BEGIN Information supplied

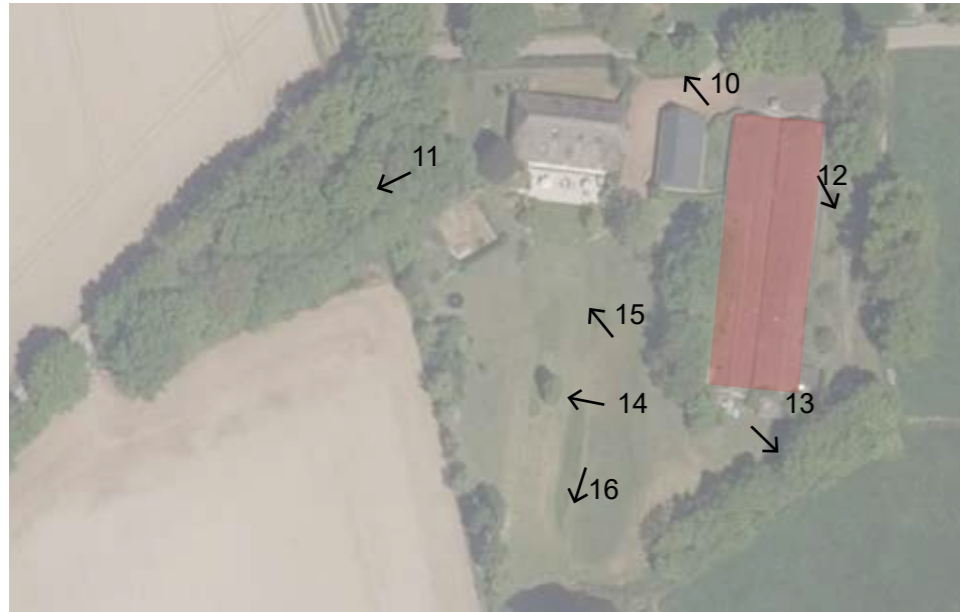
Afbeelding 9. Luchtfoto Plangebied en aanduiding foto's
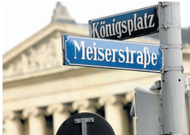
Das Streitobjekt: Die Umbenennung der Meiserstraße ist beschlossen, aber noch nicht vollzogen.

in Folge des missglückten Attentats hingerichtet wurden, lautete das Urteil für Gerstenmaier sieben Jahre Zuchthaus. 1949 wurde Gerstenmaier Bundestagsabgeordneter der CDU. Von 1954 bis 1969 war er Bundestagspräsident.
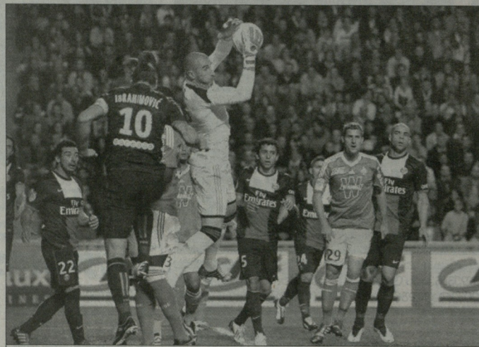
მე-20 ქულა ბოლო ნანტი გაეძაბრა
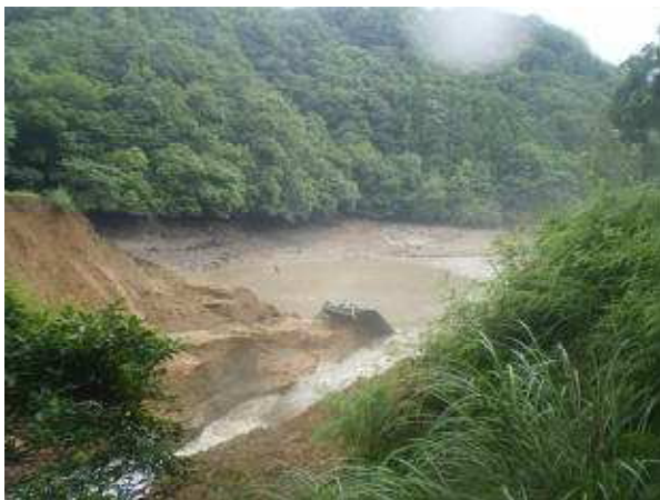
足河内下ため池決壊状況（下関市豊田町）

また、河川の氾濫等により水稻や大豆、野菜等が冠水し、被害面積は238.1haに上りました。
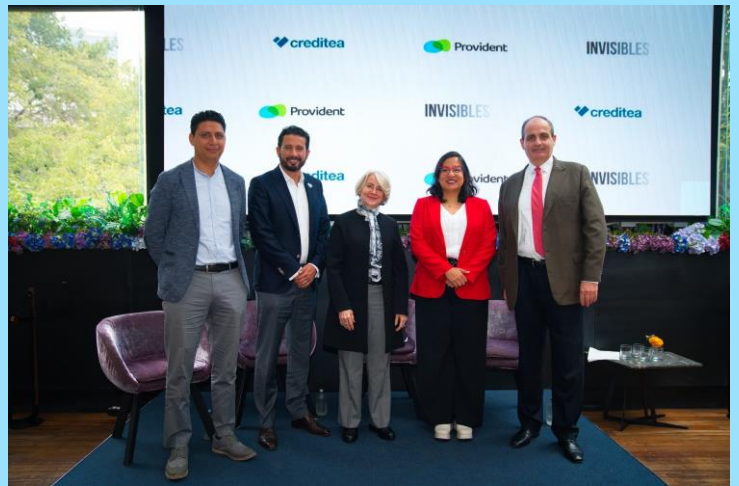
Estudio Invisibles Creditea, IPF, Provident Visibilizar los retos de la inclusión financiera en nuestro país
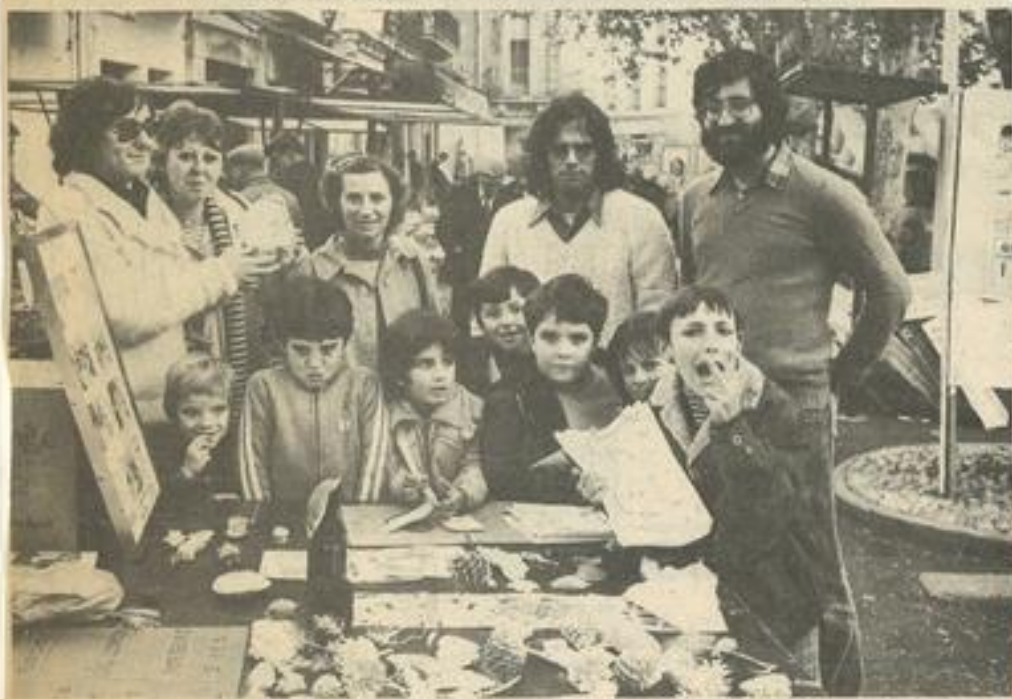
Le stand des animateurs sur le champ de foire.
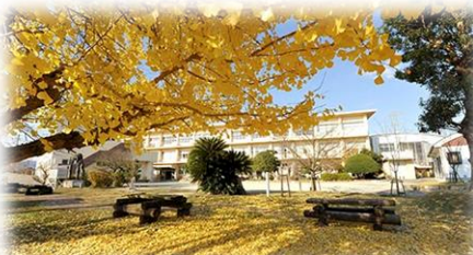
秋：校庭を彩る銀杏の木
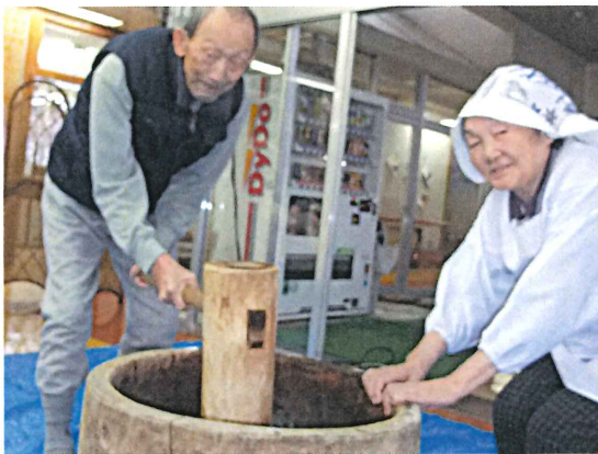
▲さすが息ピッタリ
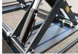
安心のロック機構採用

静的負荷150%で設計された高級品です。土間を作り、埋込型としても使用できます。
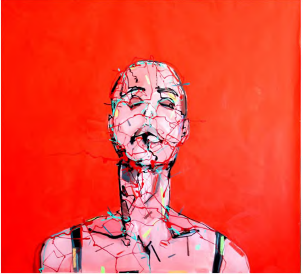
Görüntü 28: Evrim Özeskici, Öteki , 2016, tuval üzerine yağlıboya, 100x100 cm.
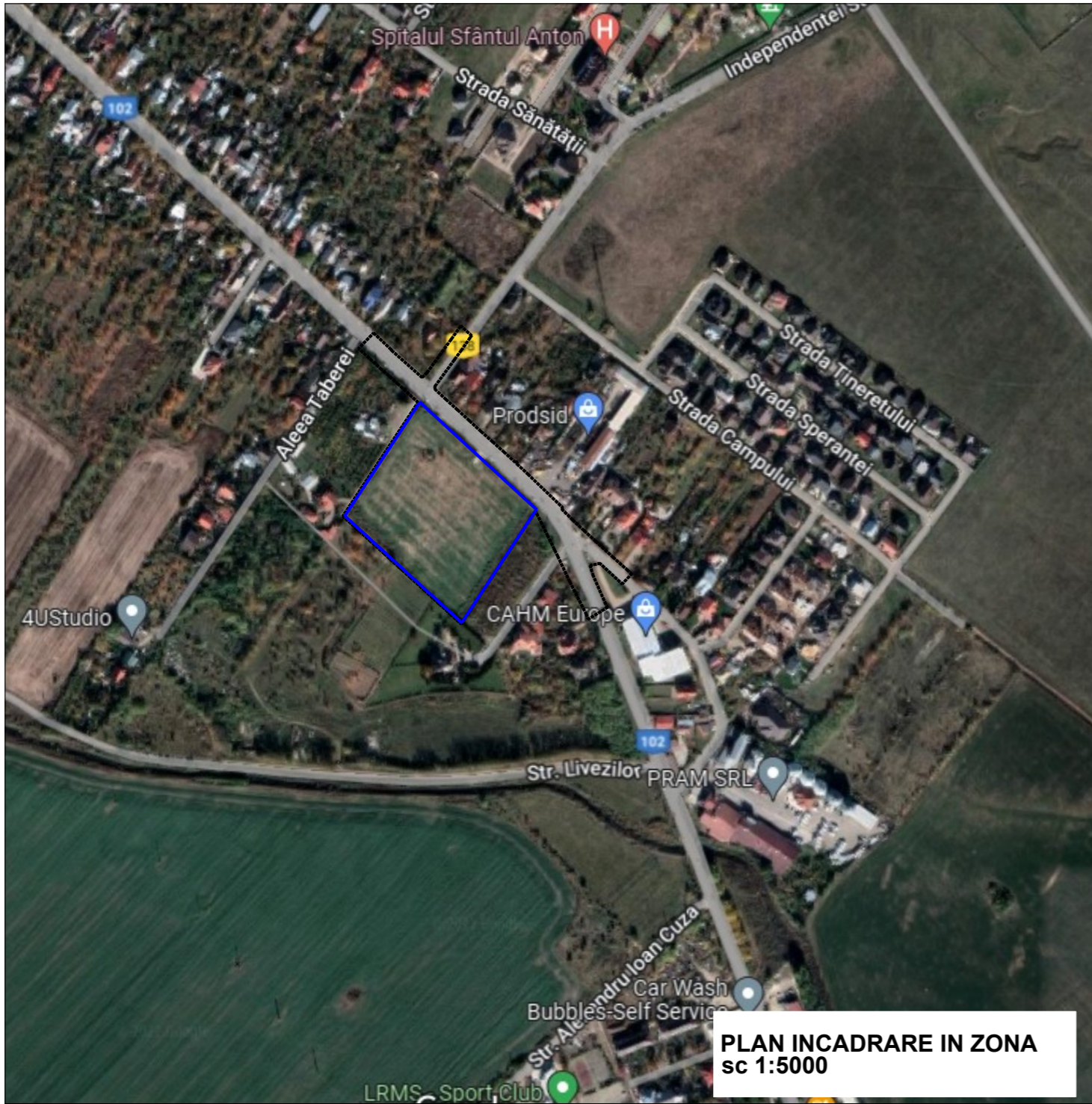
PLAN INCADRARE IN ZONA sc 1:5000
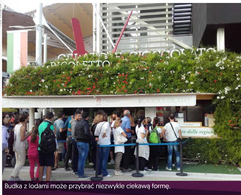
Budka z lodami może przybrać niezwykle ciekawą formę.
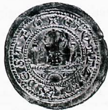
Novce iz kostanjeviške kovnice iz let 1205-1215 na katerem je naveden status Kostanjevica kot mesta - Civitas Landestro
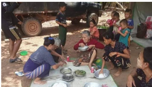
Refugees in Kayin state's Bilin township, May 5, 2022.

“There are more than 600,000 IDPs [since the coup] and we are trying to find ways to prevent any further increase in that number,” he said.
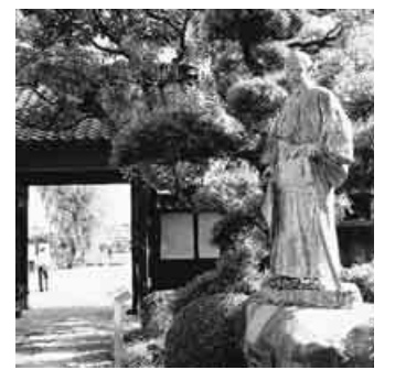
一本刀の渋沢栄一(旧渋沢邸)
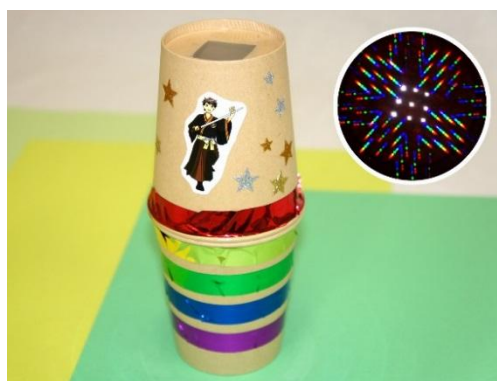
虹色きらきらスコープ
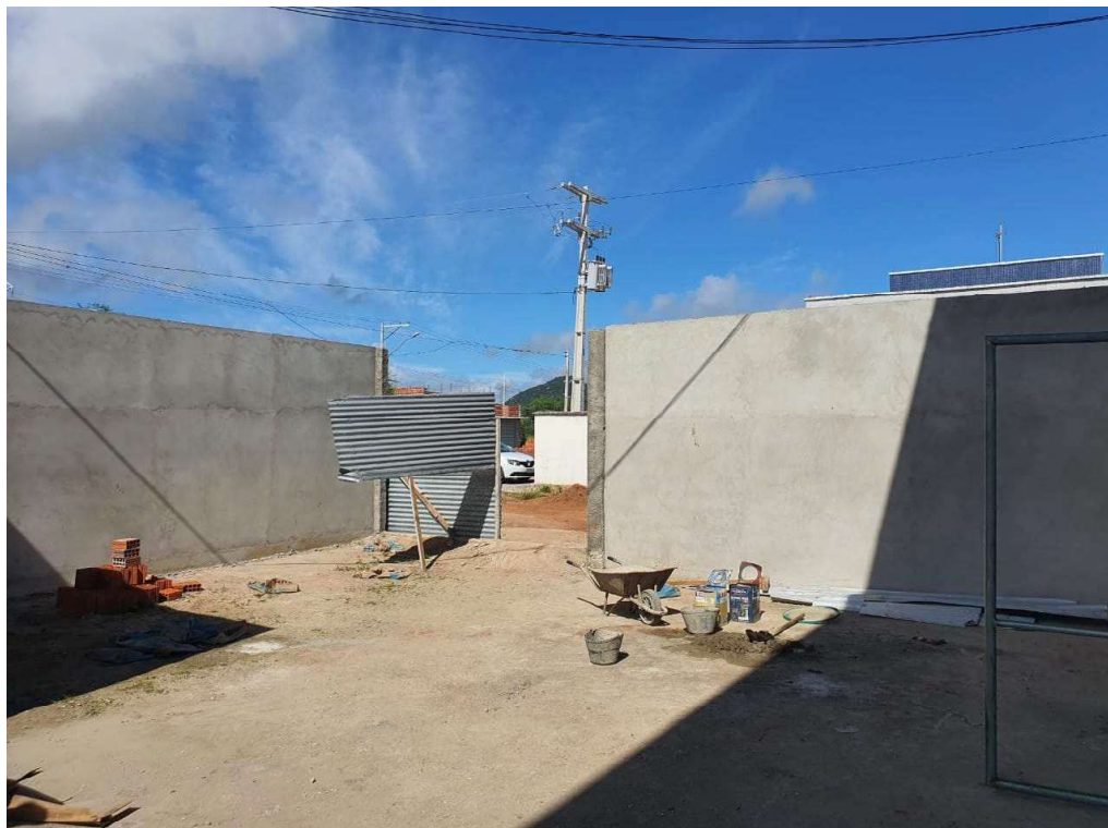
Foto 02 - Recuperação da Arquibancada.

END Information supplied

### Work to complete:
The expected output is an exact copy of the lines from the one holding "Görüntü 28: Evrim" through the last line of the listing above, with the pictures omitted.

### Answer space:
Görüntü 28: Evrim Özeskici, Öteki , 2016, tuval üzerine yağlıboya, 100x100 cm.
PLAN INCADRARE IN ZONA sc 1:5000
Budka z lodami może przybrać niezwykle ciekawą formę.
Novce iz kostanjeviške kovnice iz let 1205-1215 na katerem je naveden status Kostanjevica kot mesta - Civitas Landestro
Refugees in Kayin state's Bilin township, May 5, 2022.

“There are more than 600,000 IDPs [since the coup] and we are trying to find ways to prevent any further increase in that number,” he said.
一本刀の渋沢栄一(旧渋沢邸)
虹色きらきらスコープ
Foto 02 - Recuperação da Arquibancada.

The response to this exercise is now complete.